* [WHAT YOU ARE ASKED TO DO] Without the pictures, can you quote each line below exactly?

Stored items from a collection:
-- -- --

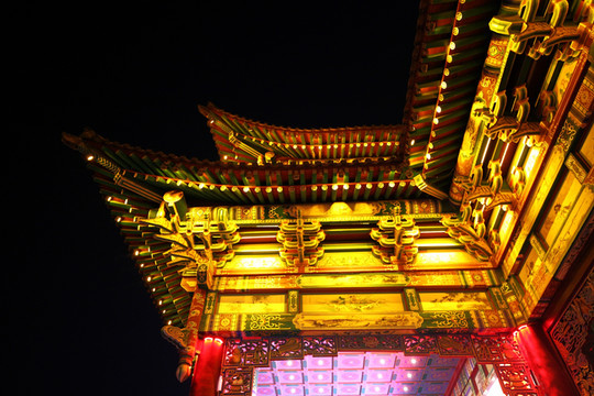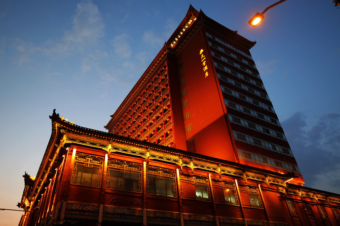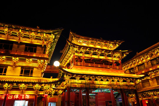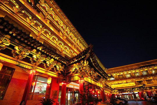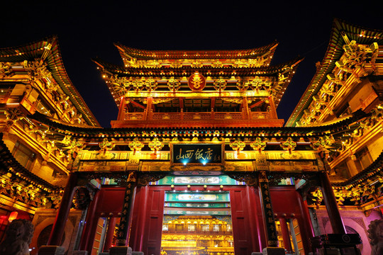 接下來去的山西飯店才是太原夜色的天花板,整個建築群雕樑畫棟,在燈光的襯托下金碧輝煌。
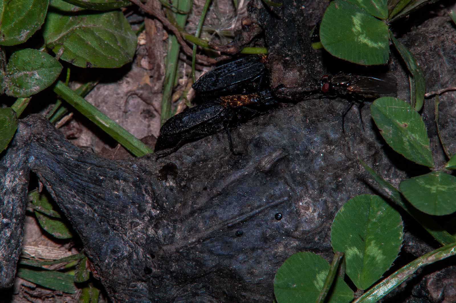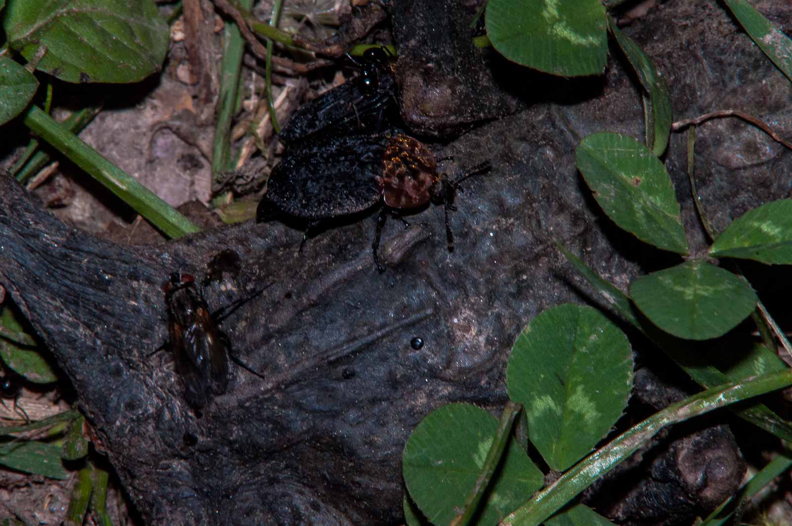 Auf dem weiteren Weg bemerkten wir viele kleine und große blauschwarze Mistkäter, die allesamt auf dem Rücken liegend die letzten Zuckungen machten. Unsere Reanimationsbemühungen blieben erfolglos. Der Lebenszyklus der Käfer nahm unweigerlich sein Ende.
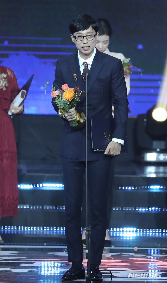 【서울=뉴시스】조수정 기자 = 2018 대한민국 대중문화예술상 시상식이 열린 24일 오후 서울 송파구 방이동 올림픽공원 올림픽홀에서 개그맨 유재석이 대통령 표창을 수장한 뒤 소감을 밝히고 있다. 2018.10.24. [email protected]
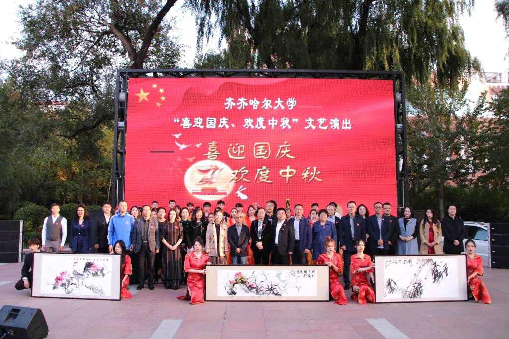 9月30日下午,學(xué)校在三致廣場(chǎng)隆重舉行齊齊哈爾大學(xué)2020年“喜迎國(guó)慶、歡度中秋”文藝演出,揭開(kāi)了“國(guó)慶、中秋”期間校園文化節(jié)系列活動(dòng)的序幕。校黨委書(shū)記陳桂芝、黨委副書(shū)記齊宏偉、校工會(huì)主席陶佰睿與現(xiàn)場(chǎng)三百余名師生共同欣賞了為偉大祖國(guó)71華誕獻(xiàn)禮的精彩演出。本次演出由校黨委宣傳部主辦,音樂(lè)與舞蹈學(xué)院、美術(shù)與藝術(shù)設(shè)計(jì)學(xué)院承辦,匯集了演唱、舞蹈、服裝設(shè)計(jì)展演、書(shū)畫(huà)創(chuàng)作表演、器樂(lè)演奏等多種形式,參演師生通過(guò)精心準(zhǔn)備的節(jié)目,以青春的旋律喜迎中秋,以愛(ài)國(guó)的詩(shī)篇祝福祖國(guó),深情謳歌了偉大祖國(guó)走向復(fù)興之路的風(fēng)雨歷程,盡情抒發(fā)了我校廣大師生對(duì)美好生活的向往和追求,為偉大祖國(guó)71歲華誕獻(xiàn)上了最美好的祝福。
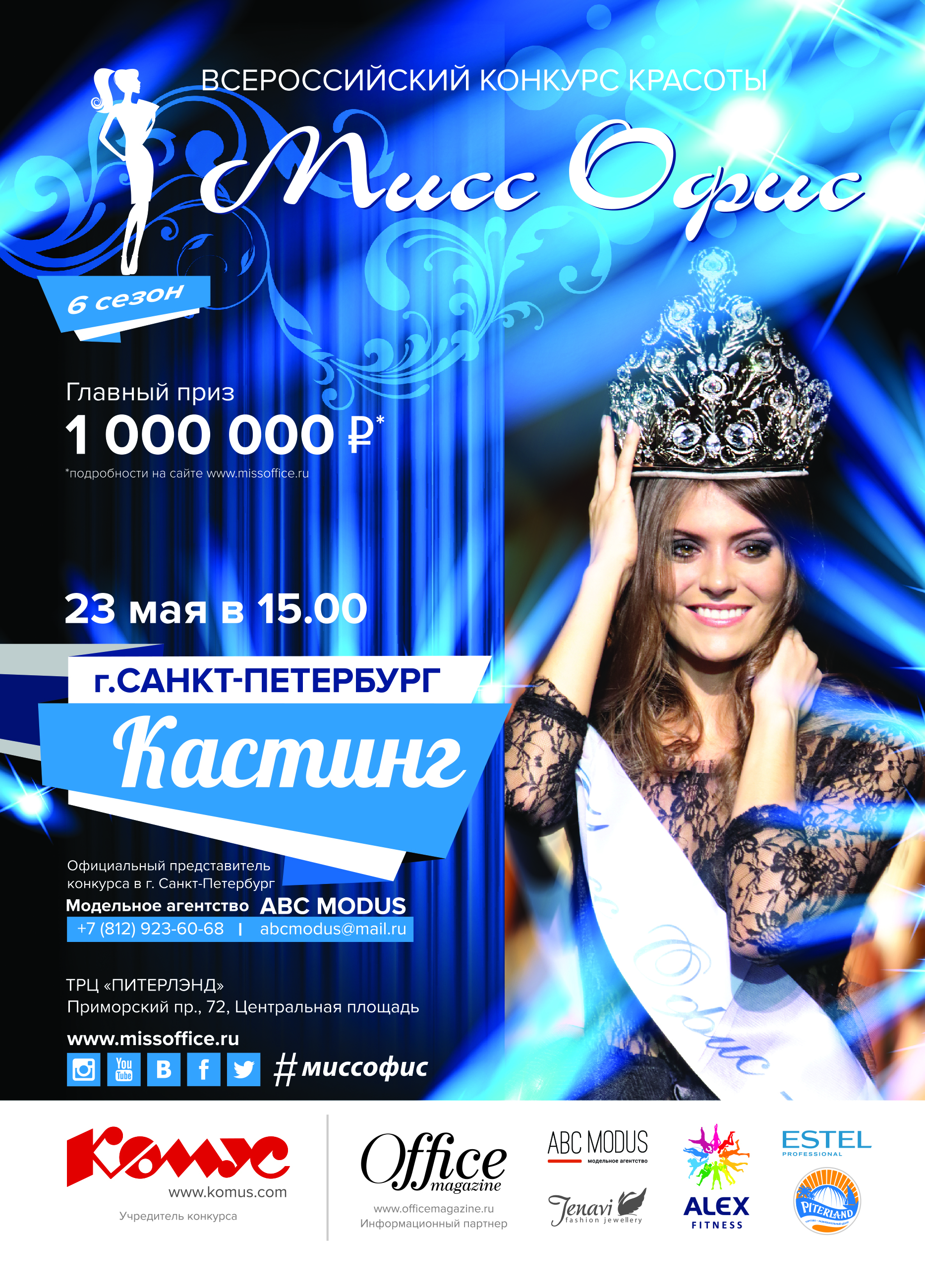23 мая – г.Санкт-Петербург. Кастинг Всероссийского Конкурса красоты «Мисс Офис» среди соискательниц из Северной столицы. Всех посетителей торгово-развлекательного центра "ПитерЛэнд" ждут мастер –классы, розыгрыши призов и всевозможные конкурсы. Мероприятие состоится в 15:00 по адресу: г. Санкт - Петербург, Приморский пр-т 72, Центральная площадь в ТЦ «ПитерЛэнд»

-- -- --

* [SOLUTION TO THE EXERCISE]
 接下來去的山西飯店才是太原夜色的天花板,整個建築群雕樑畫棟,在燈光的襯托下金碧輝煌。
 Auf dem weiteren Weg bemerkten wir viele kleine und große blauschwarze Mistkäter, die allesamt auf dem Rücken liegend die letzten Zuckungen machten. Unsere Reanimationsbemühungen blieben erfolglos. Der Lebenszyklus der Käfer nahm unweigerlich sein Ende.
 【서울=뉴시스】조수정 기자 = 2018 대한민국 대중문화예술상 시상식이 열린 24일 오후 서울 송파구 방이동 올림픽공원 올림픽홀에서 개그맨 유재석이 대통령 표창을 수장한 뒤 소감을 밝히고 있다. 2018.10.24. [email protected]
 9月30日下午,學(xué)校在三致廣場(chǎng)隆重舉行齊齊哈爾大學(xué)2020年“喜迎國(guó)慶、歡度中秋”文藝演出,揭開(kāi)了“國(guó)慶、中秋”期間校園文化節(jié)系列活動(dòng)的序幕。校黨委書(shū)記陳桂芝、黨委副書(shū)記齊宏偉、校工會(huì)主席陶佰睿與現(xiàn)場(chǎng)三百余名師生共同欣賞了為偉大祖國(guó)71華誕獻(xiàn)禮的精彩演出。本次演出由校黨委宣傳部主辦,音樂(lè)與舞蹈學(xué)院、美術(shù)與藝術(shù)設(shè)計(jì)學(xué)院承辦,匯集了演唱、舞蹈、服裝設(shè)計(jì)展演、書(shū)畫(huà)創(chuàng)作表演、器樂(lè)演奏等多種形式,參演師生通過(guò)精心準(zhǔn)備的節(jié)目,以青春的旋律喜迎中秋,以愛(ài)國(guó)的詩(shī)篇祝福祖國(guó),深情謳歌了偉大祖國(guó)走向復(fù)興之路的風(fēng)雨歷程,盡情抒發(fā)了我校廣大師生對(duì)美好生活的向往和追求,為偉大祖國(guó)71歲華誕獻(xiàn)上了最美好的祝福。
23 мая – г.Санкт-Петербург. Кастинг Всероссийского Конкурса красоты «Мисс Офис» среди соискательниц из Северной столицы. Всех посетителей торгово-развлекательного центра "ПитерЛэнд" ждут мастер –классы, розыгрыши призов и всевозможные конкурсы. Мероприятие состоится в 15:00 по адресу: г. Санкт - Петербург, Приморский пр-т 72, Центральная площадь в ТЦ «ПитерЛэнд»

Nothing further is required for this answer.